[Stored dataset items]
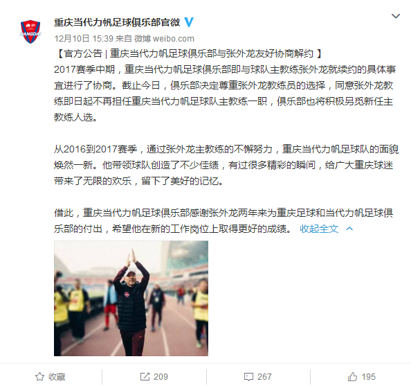北京时间12月11日,重庆当代力帆举行新闻发布会,宣布葡萄牙名帅保罗·本托将担任球队主帅,接替已经离任的张外龙率领球队征战2018赛季的中超联赛。12月10 日,重庆当代力帆发布公告宣布与前主帅张外龙经友好协商后解约。
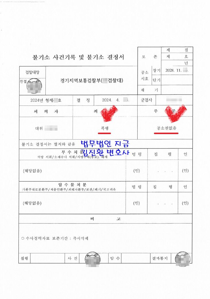 군검사님은 이러한 변호인의 주장을 받아들여서 군사경찰에서 상해죄로 송치되었음에도 수사 과정에서 죄명을 '폭행죄'로 변경하였고 고소인으로부터 피고소인의 처벌을 원하지 않는다는 의사가 접수되자 '공소권없음' 처분을 내렸습니다.
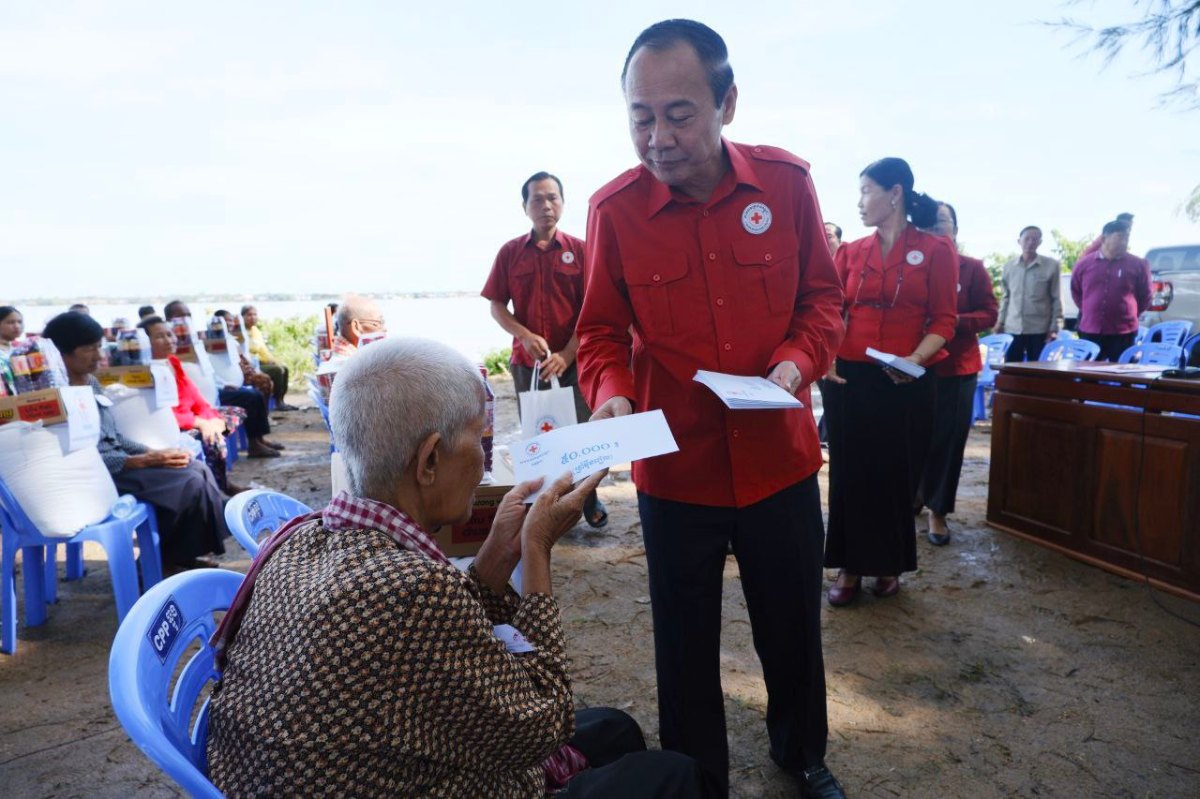ថ្លែងក្នុងឱកាសនោះ ឯកឧត្តម វ៉ា ថន អភិបាលខេត្ត បានពាំនាំនូវការផ្តាំផ្ញើរសួរសុខទុក្ខ និងក្តីនឹករលឹកពីសំណាក់សម្តេចកិត្តិព្រឹទ្ធបណ្ឌិត ប៊ុន រ៉ានី ហ៊ុនសែន ជាមួយនឹងជីវភាពរស់នៅប្រចាំថ្ងៃរបស់ប្រជាជន សម្តេចតែងតែយកចិត្តទុកដាក់គិតគូរ ពីសុខទុក្ខរបស់បងប្អូនប្រជាជនងាយរងគ្រោះ ដោយគ្រោះមហន្តរាយផ្សេងៗ ដោយគ្មានការរើសអើងអ្វីឡើយ តាមពាក្យស្លោក «ទីណាមានទុក្ខលំបាក ទីនោះមានកាកបាទក្រហមកម្ពុជា»។
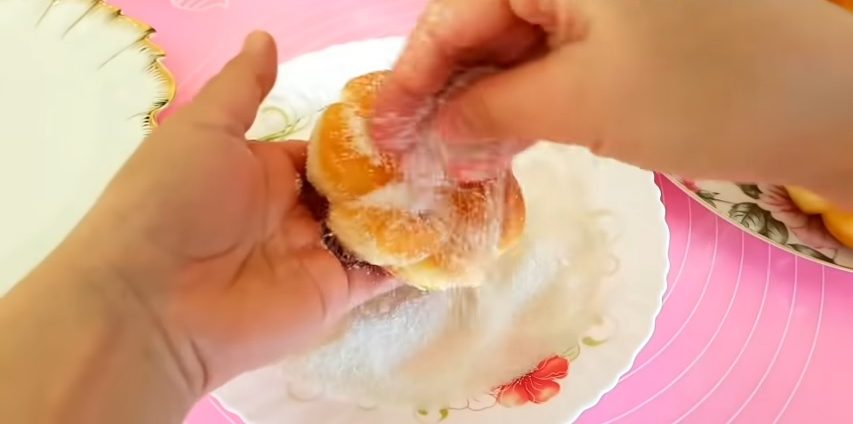 Гарячі пончики умочіть у суміш цукрової пудри та ванільного цукру (або цукрової пудри та кориці).
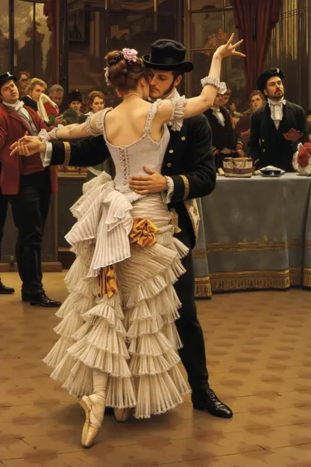 티소의 작품은 사실적인 세부 묘사와 화려함을 결합하여 상류사회의 패션과 배경을 사진처럼 정확하게 포착함
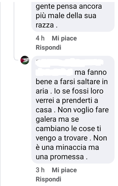 Stampa 17 Febbraio 2024 Facebook, apologia di Hamas e minacce Fonte: Segnalazione «Viva Hamas» Utente Facebook fa apologia di Hamas («Viva Hamas») e del terrorismo palestinese, anche di quello suicida («fanno bene a farsi saltare in aria») e minaccia una persona («ti vengo a trovare»).
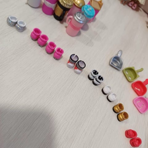 Pukuleikkeihin L.o.l. laukut, rusettipannat, kaulakorut ja rannekorut.
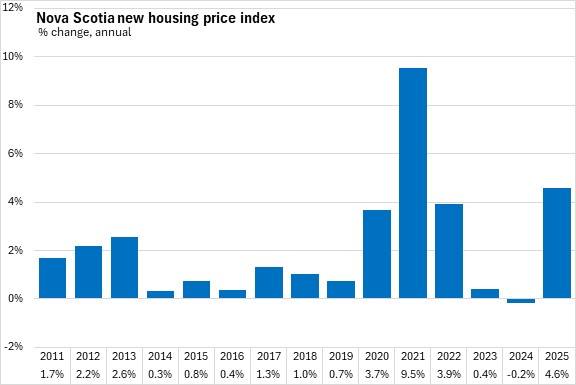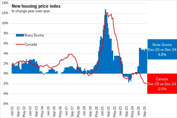Nova Scotia’s new housing prices increased 4.8% from December 2024 to December 2025. Nationally, prices were down 2.0%.
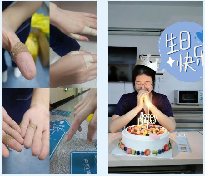 中心实验室王宏亮跟主任说明天上午先别排我上午班,带儿子去办理住院手续,没有提其他要求,下午回来又开始忙碌工作。杜如两口子一个在附属一院、一个在妇婴医院,都在检测核酸的工作中,闭环管理多日未谋面。11月7日是杜如生日,一个特别生日在核酸检测中度过,值得一生记住。佳美在长春抗疫时长期看显示器已经造成近视,这次带着眼镜继续出征,继续为锦城人民把关。
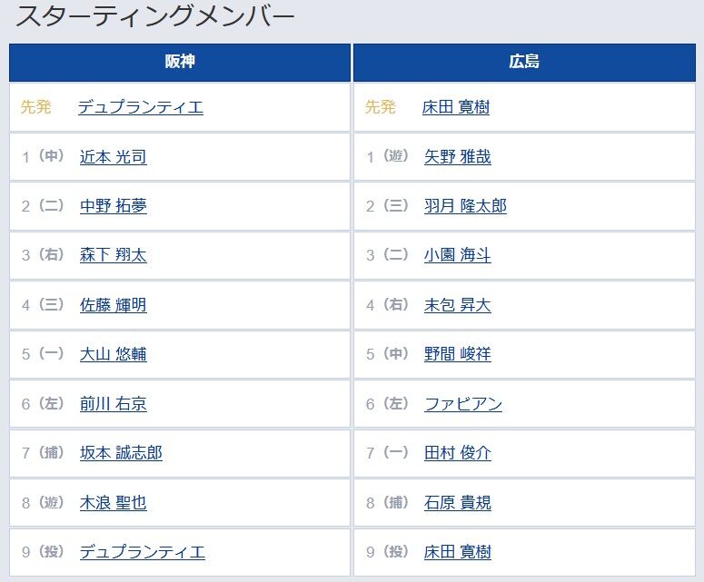 【阪神対広島5回戦】7(捕) 坂本 誠志郎 8(遊) 木浪 聖也

Prompt — An exact copy of the entries above is required, with the pictures left out.

Solution —
北京时间12月11日,重庆当代力帆举行新闻发布会,宣布葡萄牙名帅保罗·本托将担任球队主帅,接替已经离任的张外龙率领球队征战2018赛季的中超联赛。12月10 日,重庆当代力帆发布公告宣布与前主帅张外龙经友好协商后解约。
 군검사님은 이러한 변호인의 주장을 받아들여서 군사경찰에서 상해죄로 송치되었음에도 수사 과정에서 죄명을 '폭행죄'로 변경하였고 고소인으로부터 피고소인의 처벌을 원하지 않는다는 의사가 접수되자 '공소권없음' 처분을 내렸습니다.
ថ្លែងក្នុងឱកាសនោះ ឯកឧត្តម វ៉ា ថន អភិបាលខេត្ត បានពាំនាំនូវការផ្តាំផ្ញើរសួរសុខទុក្ខ និងក្តីនឹករលឹកពីសំណាក់សម្តេចកិត្តិព្រឹទ្ធបណ្ឌិត ប៊ុន រ៉ានី ហ៊ុនសែន ជាមួយនឹងជីវភាពរស់នៅប្រចាំថ្ងៃរបស់ប្រជាជន សម្តេចតែងតែយកចិត្តទុកដាក់គិតគូរ ពីសុខទុក្ខរបស់បងប្អូនប្រជាជនងាយរងគ្រោះ ដោយគ្រោះមហន្តរាយផ្សេងៗ ដោយគ្មានការរើសអើងអ្វីឡើយ តាមពាក្យស្លោក «ទីណាមានទុក្ខលំបាក ទីនោះមានកាកបាទក្រហមកម្ពុជា»។
 Гарячі пончики умочіть у суміш цукрової пудри та ванільного цукру (або цукрової пудри та кориці).
 티소의 작품은 사실적인 세부 묘사와 화려함을 결합하여 상류사회의 패션과 배경을 사진처럼 정확하게 포착함
 Stampa 17 Febbraio 2024 Facebook, apologia di Hamas e minacce Fonte: Segnalazione «Viva Hamas» Utente Facebook fa apologia di Hamas («Viva Hamas») e del terrorismo palestinese, anche di quello suicida («fanno bene a farsi saltare in aria») e minaccia una persona («ti vengo a trovare»).
 Pukuleikkeihin L.o.l. laukut, rusettipannat, kaulakorut ja rannekorut.
Nova Scotia’s new housing prices increased 4.8% from December 2024 to December 2025. Nationally, prices were down 2.0%.
 中心实验室王宏亮跟主任说明天上午先别排我上午班,带儿子去办理住院手续,没有提其他要求,下午回来又开始忙碌工作。杜如两口子一个在附属一院、一个在妇婴医院,都在检测核酸的工作中,闭环管理多日未谋面。11月7日是杜如生日,一个特别生日在核酸检测中度过,值得一生记住。佳美在长春抗疫时长期看显示器已经造成近视,这次带着眼镜继续出征,继续为锦城人民把关。
 【阪神対広島5回戦】7(捕) 坂本 誠志郎 8(遊) 木浪 聖也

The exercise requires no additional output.